Tosh had looked at Adam. He had opened his mouth and then closed it. She had turned her eyes to Alice. “Alice... Alice, they got him. They got your Mister James... I'm sorry,” she had told her.

Alice had blinked. “I see. Well he'll probably lose his job if he's... well if he's
un
able to do it,” she had looked at Tosh. “Do you think he's unable to do it?”

Tosh nodded. “I'm pretty sure,” She had said.

“Well, I wonder who will do it then?”

The silence had held in the hallway for a short time and Adam broke it. “Do you think you might want to come over here with us? We're going to try to ride this out. Can't last forever, right?” He had finished with the lock-set, swung open the door and looked into the gloomy interior of Amanda Bynes' apartment. He turned back to face her.

“No. Thank you, but I have always lived alone, and I can't see changing it now. Have you seen these gangs of people? I saw it on the T.V. before it quit working.” She had peered up at Adam.

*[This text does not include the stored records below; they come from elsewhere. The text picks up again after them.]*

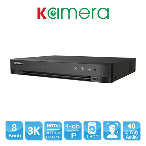 - Tổng số 12 kênh: 8 kênh analog (TVI/CVI/AHD) và 4 kênh IP.
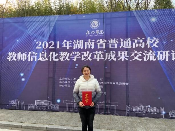 12月19日,2021年“希沃杯”湖南省普通高校教师信息化教学竞赛现场决赛在怀化学院举办,经过激烈角逐,我院侯云飞教师代表学校参赛喜获一等奖。
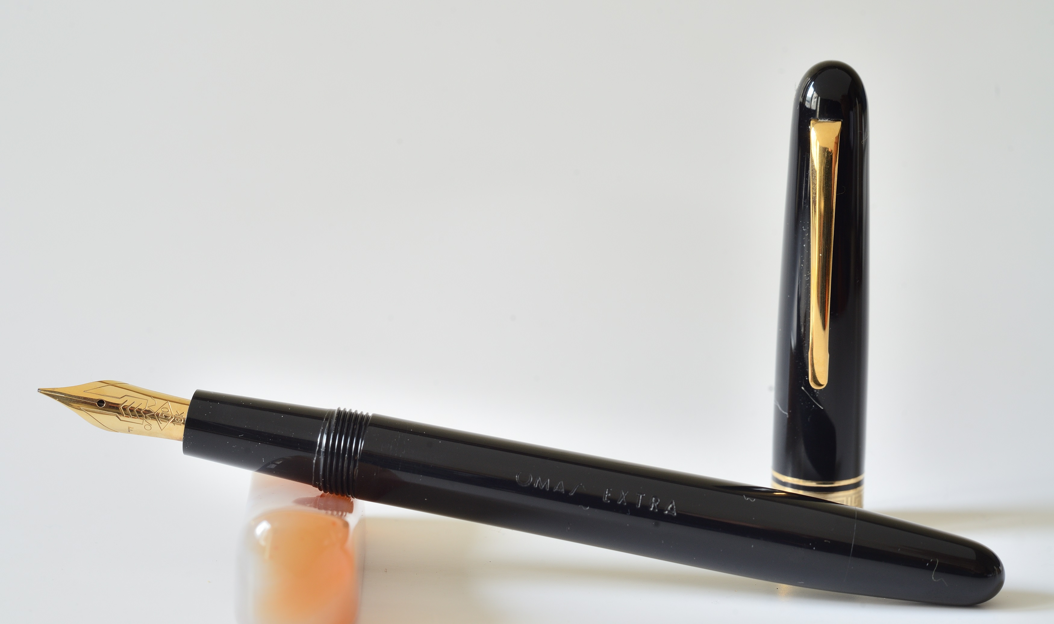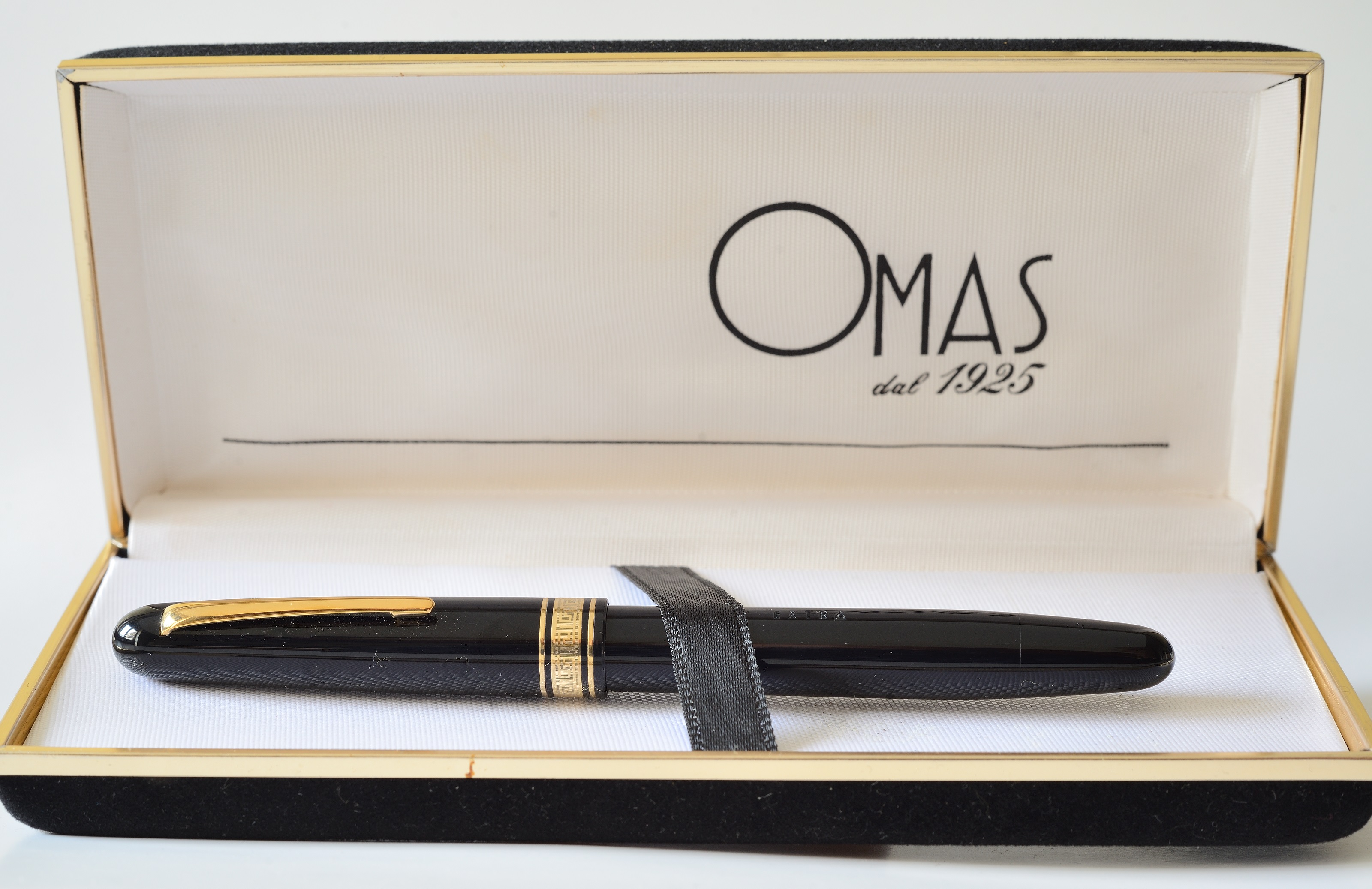 La Omas Extra credo sia una Ogiva anni 80, greca con due anellini sottili al bordo del cappuccio, pennino in oro 18 k, al fusto la scritta Omas Extra con la S stilizzata leggermente inclinata.
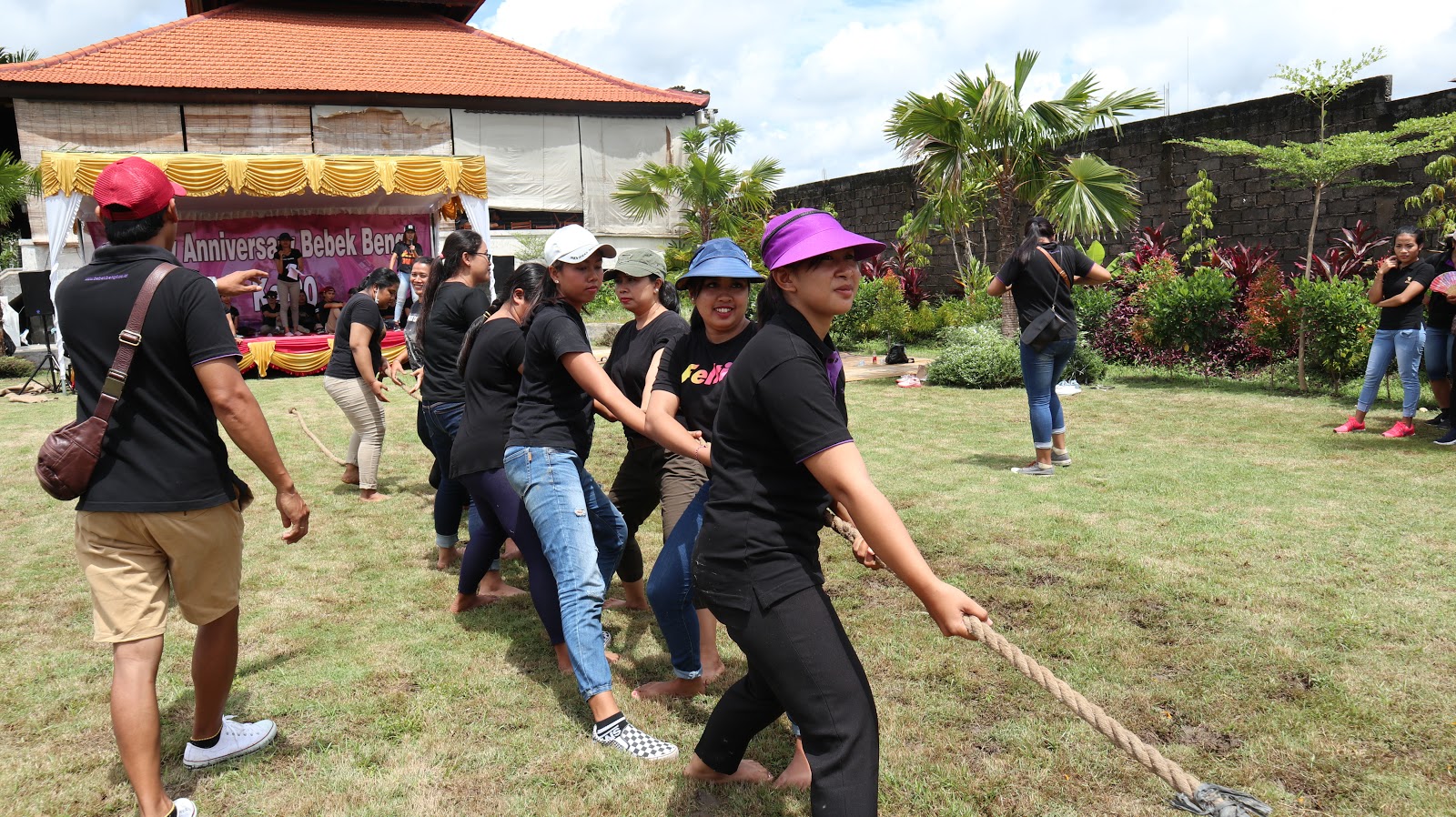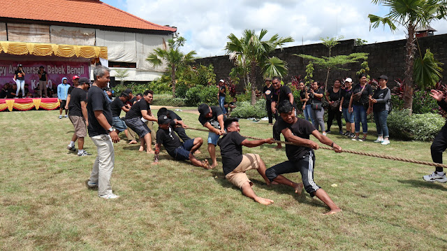 After that, it continued with team building games, which were held in the Bebek Bengil Ubud field, while the team building events that were held included cracker eating competitions, sack races, tug of war competitions and various other exciting competitions.

“Yeah. We've seen them. Had to fight our way through them.” His hand had come up and scrubbed at his face and the beard that was beginning to grow there.

Alice had nodded. Her long robe lifted at floor level and a small white dog had stuck his head out from under the hem and looked up at Adam and Tosh. Alice followed their eyes down. “Ge-boo,” she had said. The dog looked up at her and then slipped his head back under the hem of the robe once more. He had poked his nose back out a few seconds later, fixed his eyes on Tosh, and then slipped back under the robe for good. It seemed to Tosh as though it hadn't really happened.

“A dog,” Adam had said.

Alice had nodded. “I have been walking him in the daylight. They said...
the T.V. said...
they don't come out in the daylight. Afraid to be seen or something. They haven't bothered Ge-Boo and me. Have you seen them in the daylight?” She had asked.

“No,” Adam had told her.

“No,” Tosh had agreed. “But you shouldn't go out. There are bad people out there... not just the gangs.”

“You mean people that break into people's houses?” Alice had asked. She had looked from Tosh to Adam.

“Yeah, well, okay,” Adam had agreed. “Just be careful... Alice,” He had added her name as an afterthought. “Tosh,” Tosh had nodded at Alice and then stepped into Amanda Bynes' apartment.

Now she looked out over the fires burning in Jersey. The air was full of ash and smoke. It seemed like it was always now. She turned and went back into the apartment, sliding the balcony door shut behind her.